9.11.2011

Have We Forgotten?

One of my favorite books at one point was "A Tree Grows in Brooklyn." I don't know what it was, I think just the setting of the book (Brooklyn, early 1900s) fascinated me at an earlier age and I would daydream about what life had been like. I liked the irony of the title because it is rare to see a tree in the middle of Brooklyn that hasn't been planted in a pot. About a month ago, my little sister and I were in mid-town NYC walking to the Subway and I passed the flag above my head. I remembered that book and its title, and as the red, white, and blue flapped gracefully in the summer wind, it made me think of something else: September 11th was just around the corner. And I thought about how it felt to be standing underneath the flag, "a flag waves in Manhattan," with the anniversary of this day coming so quickly.

It's here now. And, as I am so incredibly blessed, I was able to spend the day surrounded by family and friends that love me. I laughed a lot and reflected a lot about this day 10 years ago - like many Americans have done and are doing today - and where I was. In typical Chid fashion, we sat around the dinner table and I said I felt like we should talk about our 9/11/01 experiences. Everyone shared their moment of horror, intense memories welling up as we reminisced about the day that changed our lives. I didn't know, but my mom's boyfriend had lost a dear friend as the Towers fell, and he told us about what that man had been life, a brand-new first time father that was slaving away in the top of one of the towers as it was attacked. And then, it was my turn.

We all have a story about that day. I won't share mine, but I will say I watched every single part of the attack literally from the moment of the first plane and on. I still to this day can't talk about the men and women shown, jumping out of the windows with debris falling around them, without bawling. Even as I type this, my heart aches knowing how much so many people lost on that day.
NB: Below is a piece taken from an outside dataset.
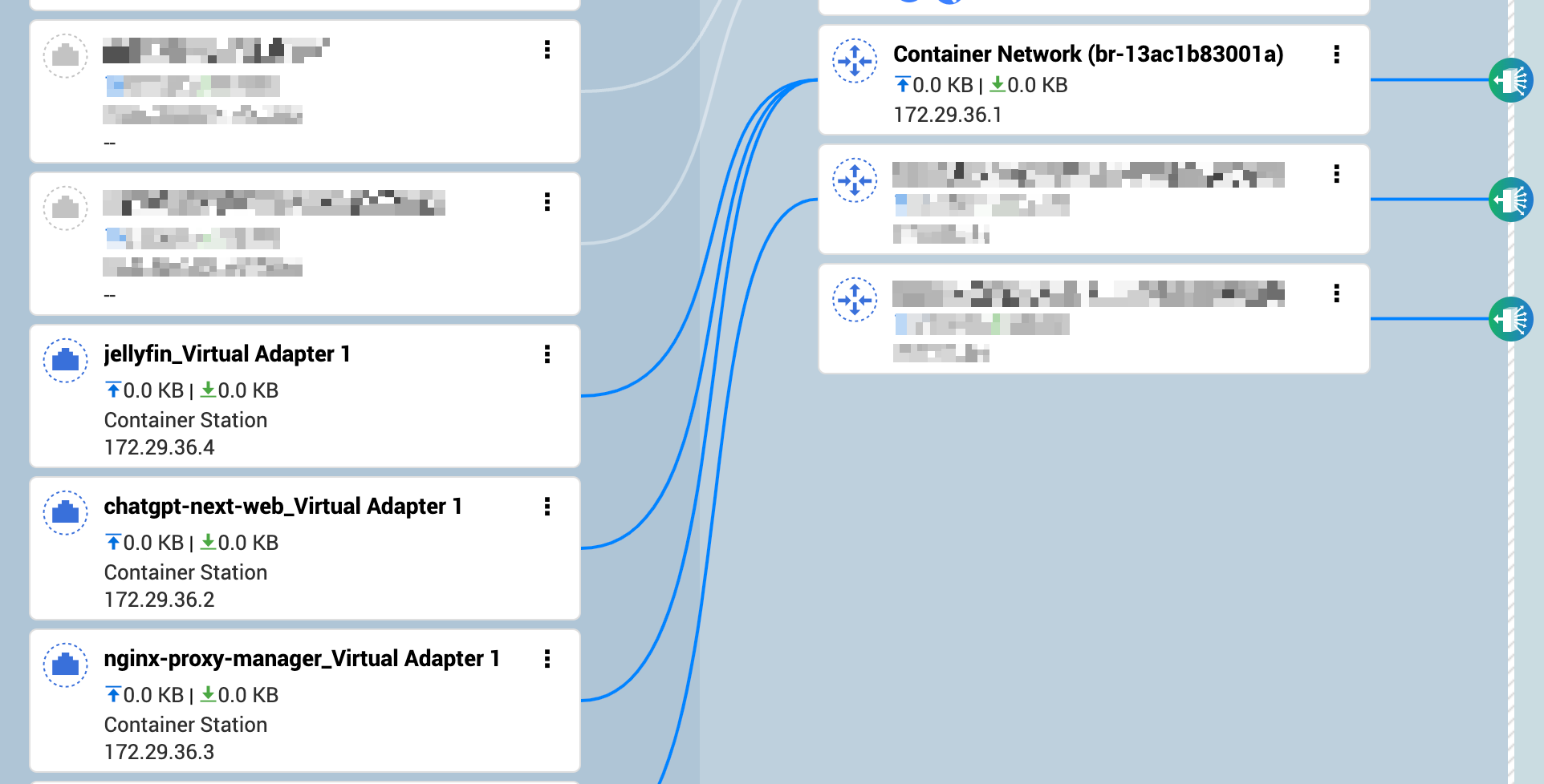 查看威联通的”网络与虚拟交换机“,发现自己通过 docker compose 方式创建的应用,都分别使用了独立的虚拟交换机并且网段不同;而如果通过 Container Station UI 创建的 docker 应用,则都会默认连接到名为 lxcbr0 的同一个虚拟交换机中,可以互相通信。因此只需将 docker compose 创建的应用,接入同一个网络中即可。

It would be so easy to turn this day into another politicalized one - but I won't. I won't because we don't need another day like that right now.

But I will tell you what occurred to me today as I looked around the table at my beautiful, invaluable family. There were tears tonight - but there was laughter. There was sadness and even some grief, but there was joy. But above all - there was Christ. My (soon to be step-) cousin wrote on his Facebook status that we need to forgive the terrorists, isn't that what Jesus would want? And in his young age of 17 - he's right. I did not personally lose anyone in the Twin Towers but I know many who did, and as I reflect on a day 10 years ago that was filled with so much hatred from the terrorists who hate America - I also remember the love that overcame it.

The father who ran back into the tower to help the kindergarden class touring the Towers on a field trip. The young man with the red bandanna who escorted victim after victim out of the burning building until the last one came out, without him. The fireman who worked the 24, 48, 72 consecutive hour shift because he wouldn't rest until his unit was complete and all his men were in their bunks. The mother of young children who kept it together when she realized her husband on the 78th floor hadn't been as fortunate as the other victims and wasn't coming home.

These were the patriots. These who gave their lives or changed their lives because they were called to something higher than serving their own interests and just leaving the building in time. They went back in and didn't think twice.

So the terrorists who thought they won because they took the lives of over 3,000 Americans? I have a message for you: You didn't win.

You lost - because we grew stronger. 10 years later and we will still remember. We will still have our flag memorials in honor of lives lost. We will still volunteer and serve just to do something. We will still bow our heads to pray to the God that IS a peaceful God, the one who saved us when you tried so hard to destroy us. We will still raise the red, white, and blue and fly it as high as we can because you didn't destroy our spirit - you solidified it. Every year, the memory of that day fades a little more into the daily pattern of our lives but it will not disintegrate. We will never let go and we will never forget.

Because this country and her people are rooted on a foundation based on the biblical principles of Jesus Christ. We forgive, not because we want to, but because we are called to. And we refuse to give you any more control over how we feel or what we do - because we live life according to what He calls us to do, not how we feel.

As we part our ways on this 10th Anniversary of 9/11, may we always remember - john 15.13 "there is no greater sacrifice than a man who lays down his life for his brother."

To the American patriots who gave the greatest sacrifice: we will never forget.